Limbani’s father was not a cricket nut, but Vasantbhai Patel was sick of seeing his son battling the harsh climate. The passion in his son’s eyes forced him to pack Limbani off to Baroda, where the children of their family used to go for studies. “I have seen him battling heat strokes in summers. Playing cricket in 50 degrees Celsius is not easy. He would never len even if we tried to stop him. Then I decided to send him to Baroda, where my elder brother Manilal Patel was posted.
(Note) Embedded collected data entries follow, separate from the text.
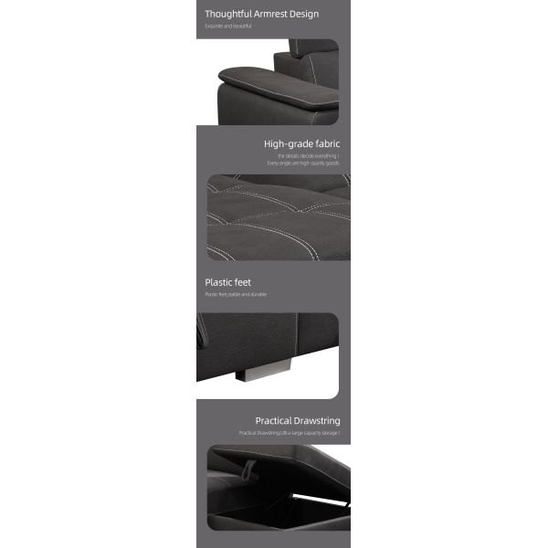 Selling point | Ottoman with storage ! Keep the house clean all the time! Practical Drawstring, Change sofa to bed at a moment ! To Sit ! To Lie ! To Sleep ! To dream! Freely Choice ! Excellent fabric , Attractive and durable Headrests can up and dowm |
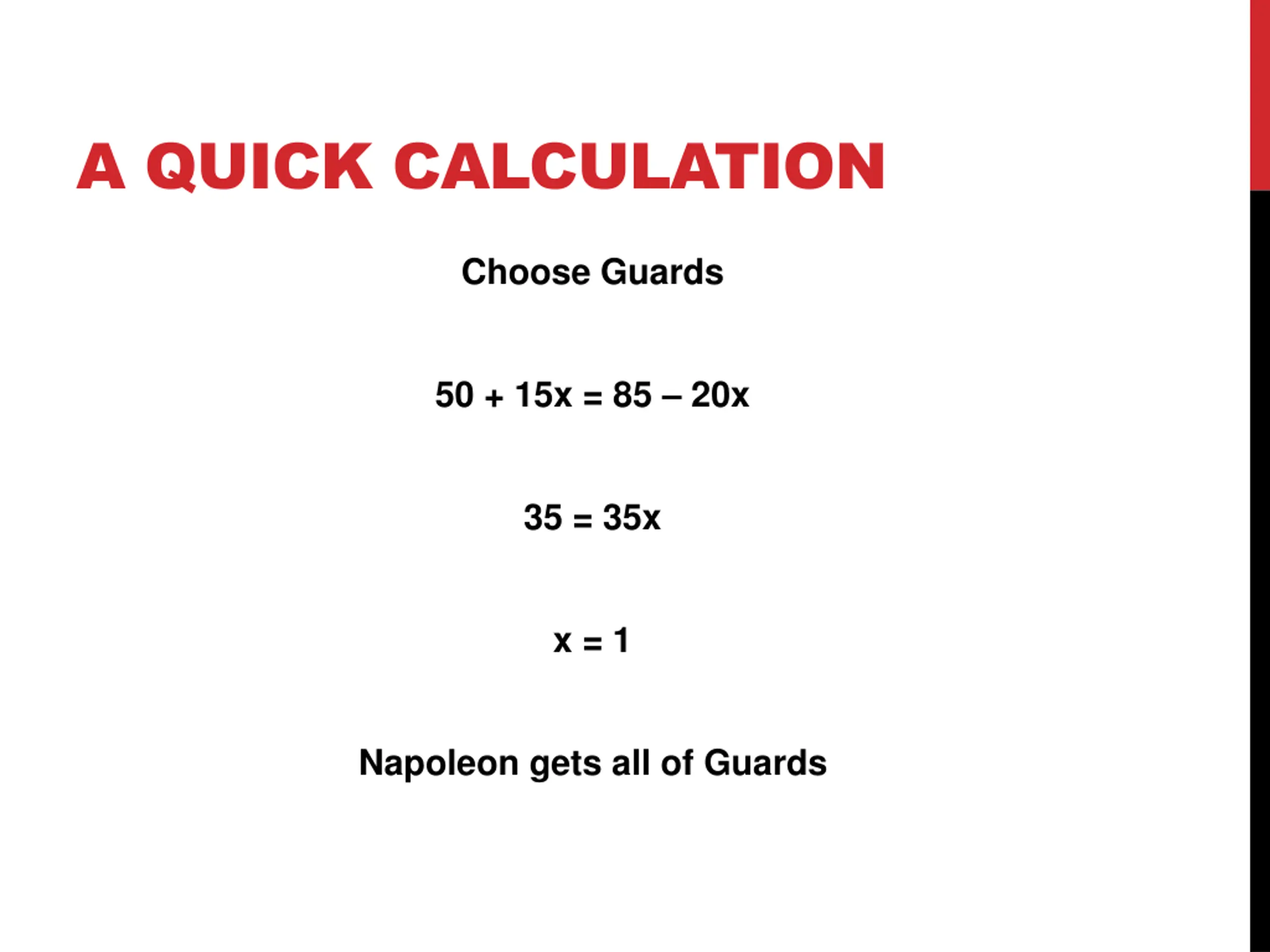 A QUICK CALCULATION Choose Guards 50 + 15x = 85 – 20x 35 = 35x x = 1 Napoleon gets all of Guards
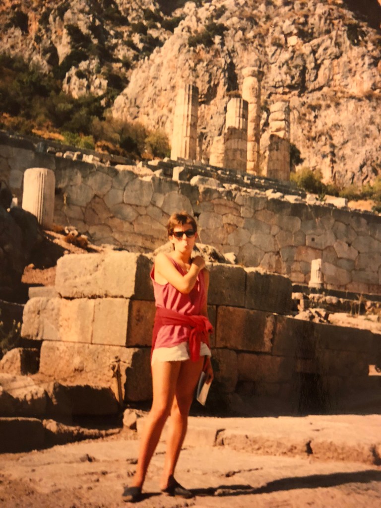 Previous Image B64A6C1A-3CE8-4D90-8703-4937EBE7144C Me in my student days at the sacred ancient Greek ruins of Delphi
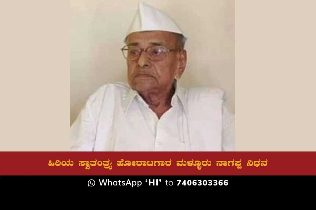 Sidlaghatta : ಶಿಡ್ಲಘಟ್ಟ ತಾಲ್ಲೂಕಿನ ಮಳ್ಳೂರು ಗ್ರಾಮದ ಹಿರಿಯ ಸ್ವಾತಂತ್ರ್ಯ ಹೋರಾಟಗಾರ ಮಳ್ಳೂರು ನಾಗಪ್ಪ (100) ಭಾನುವಾರ ಬೆಳಗ್ಗೆ ನಿಧನರಾಗಿದ್ದಾರೆ.
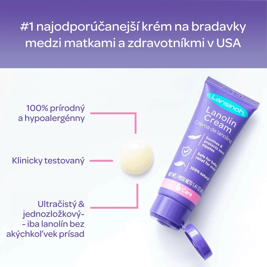 Bevat uitsluitend ultrazuivere lanoline, zonder parfum en conserveermiddelen. Veilig voor de baby – afwassen vóór het voeden is niet nodig.
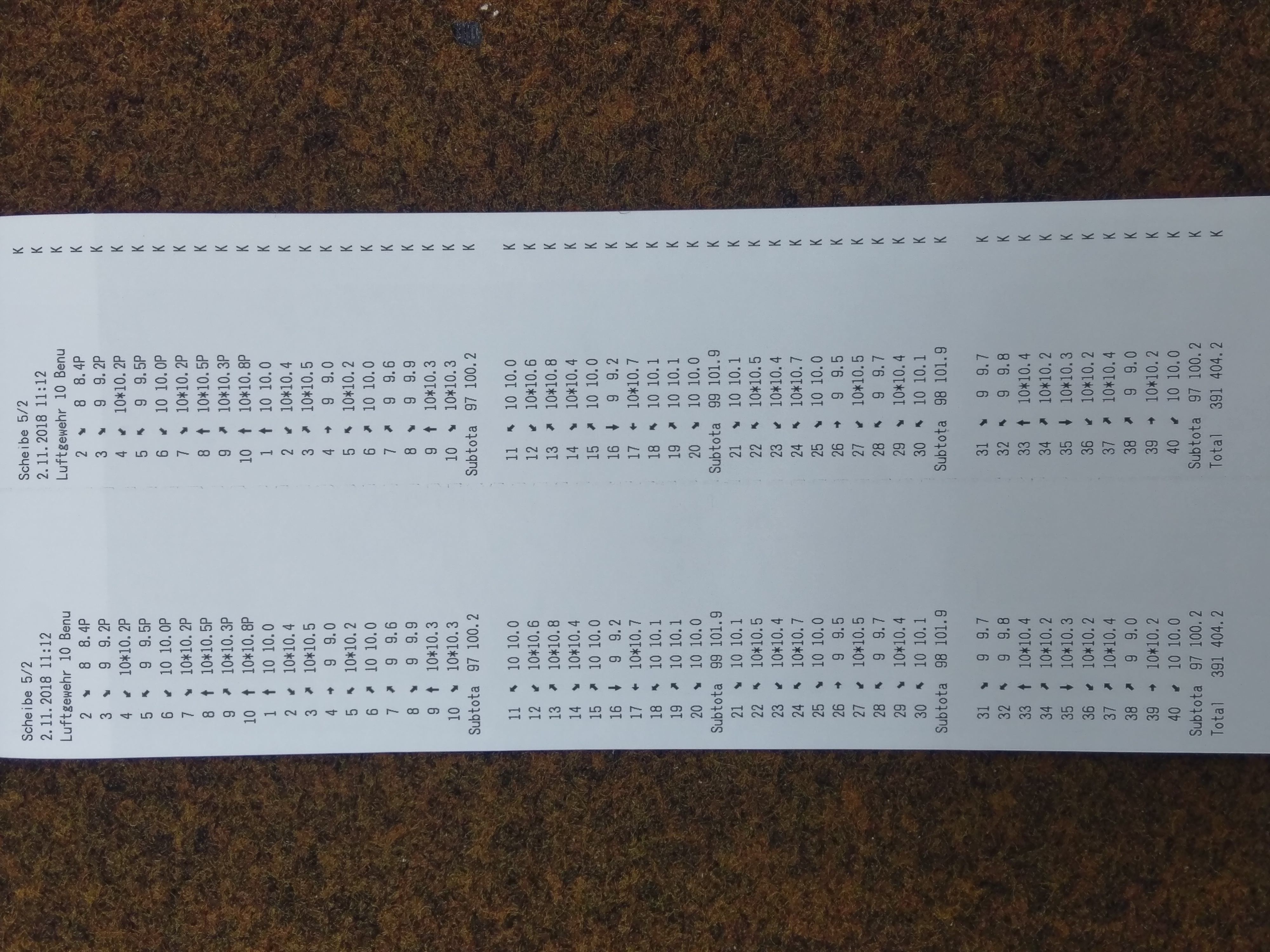 Hier mein Ergebnis für LG 40 aus meinem Ligakampf. Durfte anschließend 4 mal ins Stechen und hab verloren :), war aber ein toller Wettkampf für mich.
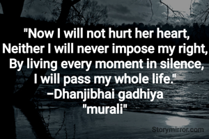 "Now I will not hurt her heart, Neither I will never impose my right, By living every moment in silence, I will pass my whole life." -Dhanjibhai gadhiya "murali"
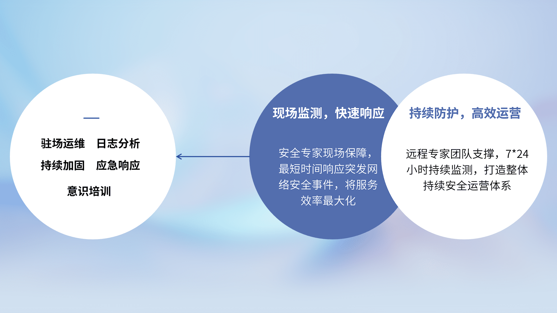 7X24小时持续监测安全事件,保持安全策略有效性,降低资产脆弱性风险,,,,精准拦截黑客攻击,,减少被黑客利用的机会,,,,第一时间遏制,,降低损失。。

The madness has taken him so far and as a parent, I had only backed his passion,” says Patel, a farmer.
Behind the rise of each of these cricketers has been their family.
In Beed, Sanjay Dhas, who named his son after Sachin Tendulkar, took a loan to build six turf wickets in Beed, the famine-torn town in Maharashtra, so that his son could face 1,000 to 1,500 balls every day. “People told me that I should move him to Pune. I said no, I will provide him with the best facility in Beed only,” says Dhas, who works in the Health Department in the Maharashtra government.
Opening batsman Adarsh Singh’s father Narendra Kumar Singh shifted their base to Kanpur from Jaunpur to give his children a good education. During the lockdown, he lost his job in Mumbai and the family had no option but to move back to their village. But Singh sold a plot so that his son could stay back and achieve his dream.
The role of Naushad Khan, the father of Musheer and the older Sarfaraz, is also well known. “Maine pehle hi bol diya tha unko acchha baap chahiye ya acchha coach (I asked them both at a very early age whether they want a father or a good coach),” he reminisces.
These youngsters’ journeys have led to the final in Benoni, South Africa. But where one journey ends, another begins — into the hard world of competitive international cricket.